What to do: Select a bank with ATMs near your home and workplace. If you don’t have an ATM nearby, collect money from a drugstore or grocery store rather than using an ATM. And if you travel a lot, consider banks that allow you to use any ATM machine for free. Suction, a startup, offers unlimited reimbursement of ATM fees worldwide. It is the same Charles Schwab. And Internet banking has unlimited reimbursement at national ATMs.

  1. You have other options if you have an unresolved dispute.

Sometimes a dispute with a bank can turn you in circles. When “asking the manager” doesn’t seem to get the job done, being rude to a call center representative is not an effective strategy.

What to do: You can complain online to the CFPB. This is a great way to get a quick resolution for two reasons. First, banks pay special attention to complaints that pass through the CFPB channel. Second, by complaining to the CFPB, you can help them determine if there are systemic issues at a particular bank. For example, if thousands of people complain that a bank does not reimburse fraudulent charges, the CFPB may discover a bigger problem in that bank and help many customers, including yourself.

  1. Debit cards do not have the same legal protections as credit cards and PIN codes are stolen.

One of the biggest risks faced by a customer with a checking account is that their card is swiped and the PIN code is stolen. The fraudster uses the magnetic stripe and PIN code information to fabricate a fake card and withdraw money. Worse yet, debit cards don’t have the same level of legal protection as credit cards. According to the FTC, you have unlimited liability if you wait 60 days to report the fraud. And if you wait two business days, you can be liable for $ 500. With credit cards, the maximum loss is $ 50. MasterCard and Visa do not promise any liability on debit and credit cards. However, you must show that you have taken “reasonable care to protect your card against loss or theft”. And it can become more difficult if your PIN has been compromised.

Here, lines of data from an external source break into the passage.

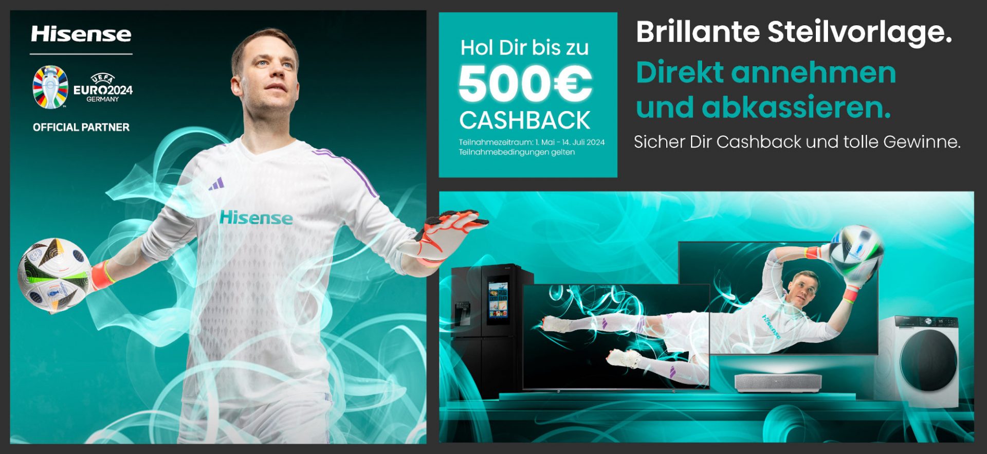 Wer eines der Aktions-Modelle bei einem der teilnehmenden Händler kauft, kann sich bis zu 500 EUR Cashback sichern. Die Online-Registrierung erfolgt auf der Landing Page und eröffnet gleichzeitig einzigartige Gewinnchancen. Unter allen Registrierungen verlost Hisense Tickets für die UEFA EURO 2024, handsignierte Merchandise-Artikel, offizielle UEFA-Fußbälle, Fan-Pakete, Hisense Bierspender und Hisense TVs. Schnell sein lohnt sich: Die begehrten EM-Tickets werden bereits am 3. Juni 2024 verlost. Details zur Cashback-Aktion finden Sie hier.
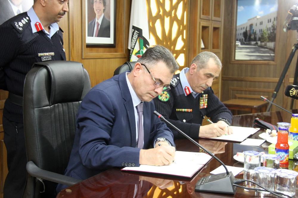 وقع مدير الأمن العام اللواء فاضل الحمود ورئيس جامعة البلقاء التطبيقية الدكتور عبد الله سرور الزعبي ، اتفاقيتي تعاون في مجال تنفيذ برنامج الإصلاح والتأهيل لمرحلة الدرجة الجامعية المتوسطة، وتبادل الخبرات في تنمية وبناء القيادات الشبابية وتحصين الطلبة والمجتمع من الفكر المتطرف والتجنيد الإلكتروني.
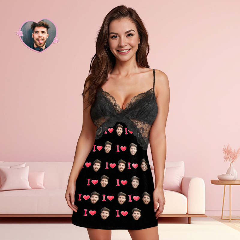 Custom Face Women Lace Sleepwear LOVE YOU Personalized Photo Nightwear Valentine's Day Gift

What to do: When using your debit card, avoid using the PIN code if possible. If you have a choice of “debit” or “credit,” select “credit” and sign, rather than using a pin. When looking to withdraw money, it is best to use your own bank’s ATM (with security cameras). And always use your hand to cover your PIN code, even when you are with friends.

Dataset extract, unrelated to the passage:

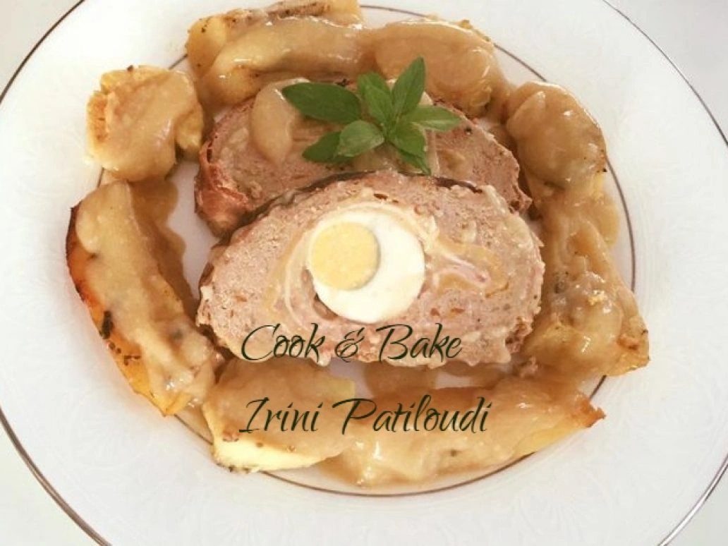 Ρολό κιμά με αυγό, μπέικον, τυρί, πατάτες και γλυκοπατάτες με σάλτσα γκρέιβι.

  1. Applications replace branches. You should consider the quality of an application when choosing a bank.

Basic banking transactions are increasingly migrating to mobile phones. You can now deposit checks, transfer funds, pay bills, view statements, dispute transactions, and transfer money using your mobile banking app. Given the importance of mobile banking apps, you should consider the bank’s commitment to mobile banking when deciding where to bank.

What to do: Check customer reviews on Google Play and iTunes to see the quality of the bank’s app before opening an account. In a recent review of mobile banking apps, big differences were found between players.

  1. If you need to send money overseas, don’t use a traditional bank.

Currency exchange fees are ridiculously expensive. Big banks usually charge $ 40 or more to send a wire transfer, regardless of the amount. Receiving a wire transfer can also cost you a lot of money.

What to do: Use a startup focused on international money transfer to save. TransferWise, a startup that includes PayPal co-founder Peter Thiel as an investor, has fees that are often 90% cheaper than banks. And Xoom.com, a company recently acquired by PayPal, also lets you send money to 41 countries at a fraction of the cost. Most of these companies have great apps and you can get the job done right from your phone.